TN has no state income tax if that matters.

My opinion, you can't go wrong along the Apps. It is also correct that the weather here will vary from bitter cold to hotter than hades. But it is beautiful.
Best of luck!


----------



## Micknleb

We live in middle Tennessee, which is beautiful in its own way, and being relatively close to Nashville is nice. We are moderately liberal in a very conservative area, but there are enough people around to make it interesting. College towns generally have a mix of people and perspectives, which I like. If I were just moving into the region, I would look seriously at southern VA, western NC and northeast TN, around the tri-cities area. First choice would be somewhere near the Blue Ridge Parkway from Asheville, NC, up through the Shenendoah Valley. There are old farms, beautiful scenery, lots of outdoor stuff to do, and (from what I have seen), a nice mix of people. 
Good luck in your search.


----------



## mreynolds

Welcome Oregone. Texas here. Eastern part with all the trees and no rocks. The oldest town in Texas and family has been here since this was territory of Spain. 

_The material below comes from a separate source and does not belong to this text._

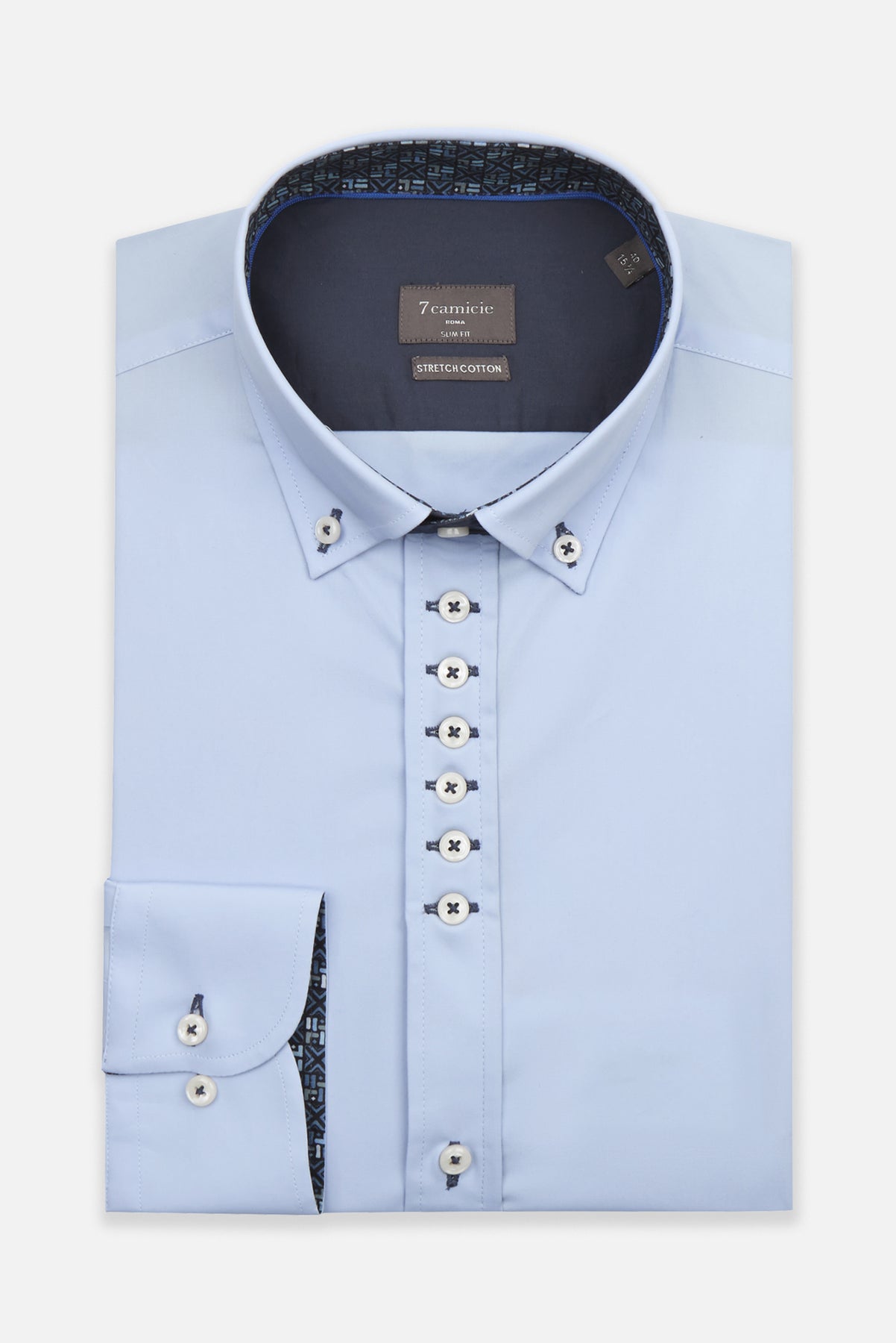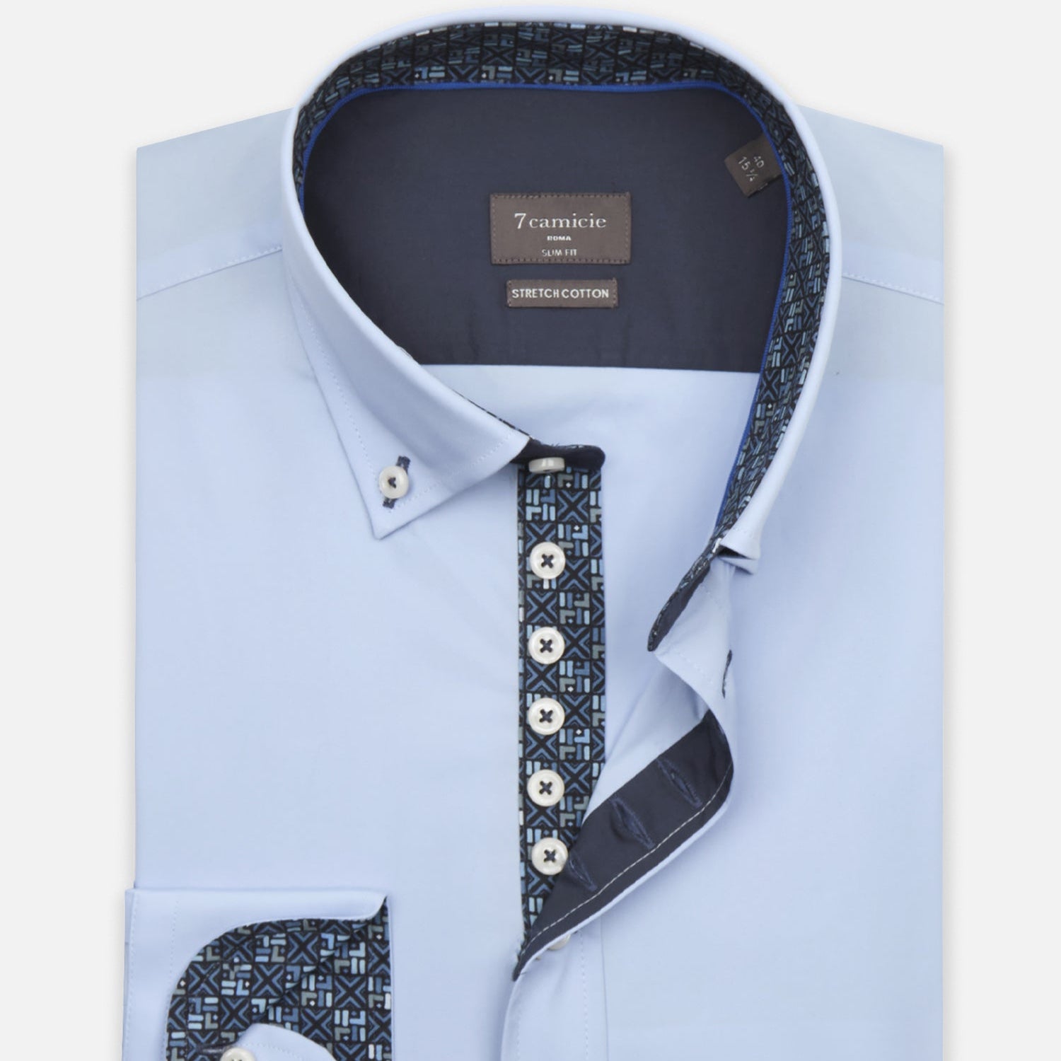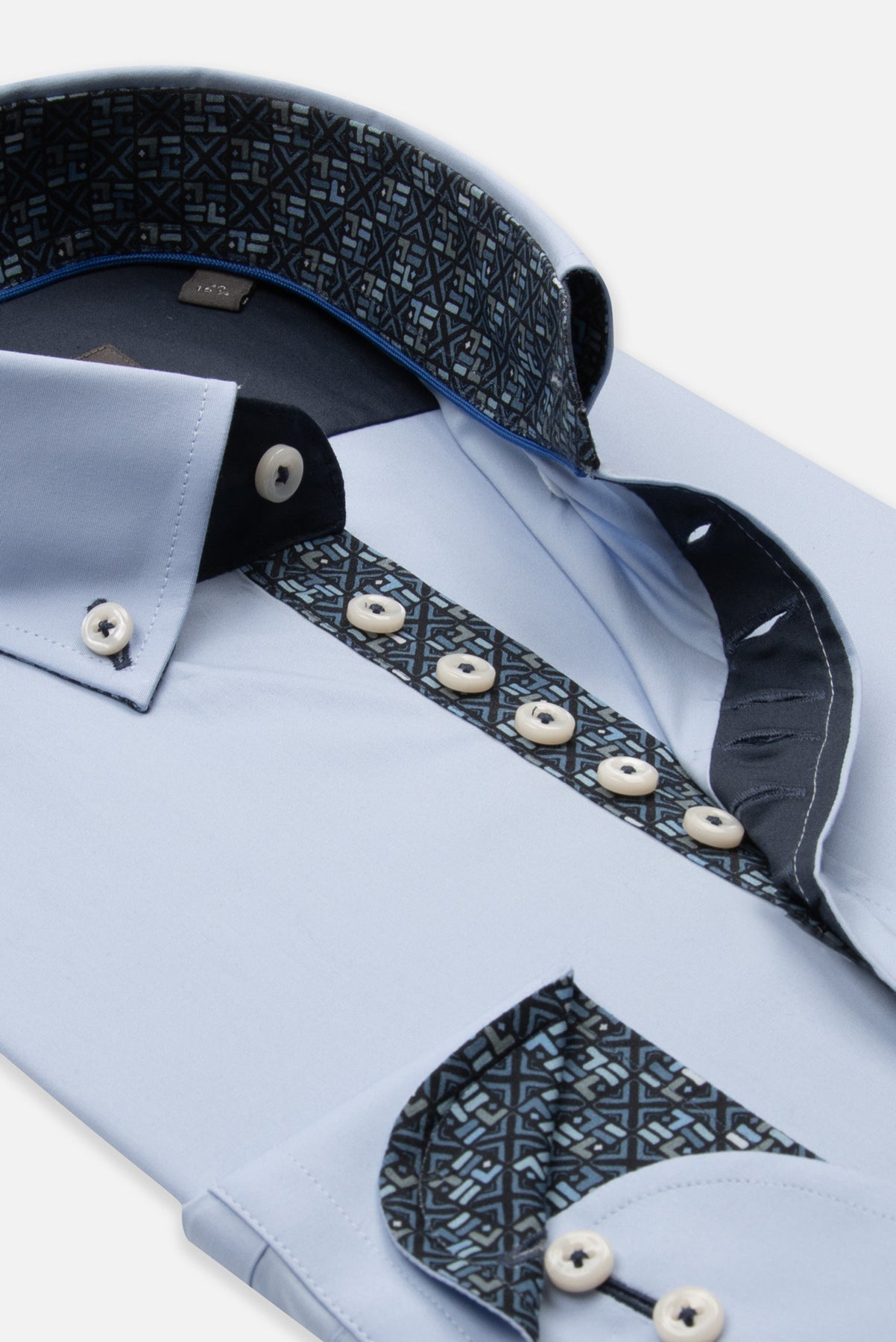 V svetlo modri barvi deluje sveže in prefinjeno, medtem ko temno modri kontrasti ter geometrijski vzorci v notranjosti ovratnika, manšet in vzdolž gumbnic poskrbijo za unikaten, modno dovršen videz. Ti detajli subtilno izstopajo in srajci dajejo sodoben pridih, ki pritegne pogled.

My Spanish aint that good but my Texan works just fine.


----------



## Harry Chickpea

"As far as neutrality.. the native son of a native son of Oregon, there&#8217;s been a lot of change, and honestly, I&#8217;m filled up with _change_ and ready for some political stability, if only predictability. My home town of Portland wasn&#8217;t always a new age hippy haven, nor was I raised as such..."

A brother who is still in Vermont has that exact same sentiment. Vermont used to be dyed in the wool Republican, but has changed starting around the 1960s. In Alabama the politicians are predictably petty and corrupt if that helps...  (Actually there are a few that are less so than others, but good ol' boy deals are alive and well.)


----------



## Laura Zone 5

Oregone....I am in a similar position.
Had a home on 5 acres, established gardens, orchard, extensive canning and dehydrating; living the dream.
25 years of marriage came to a messy end.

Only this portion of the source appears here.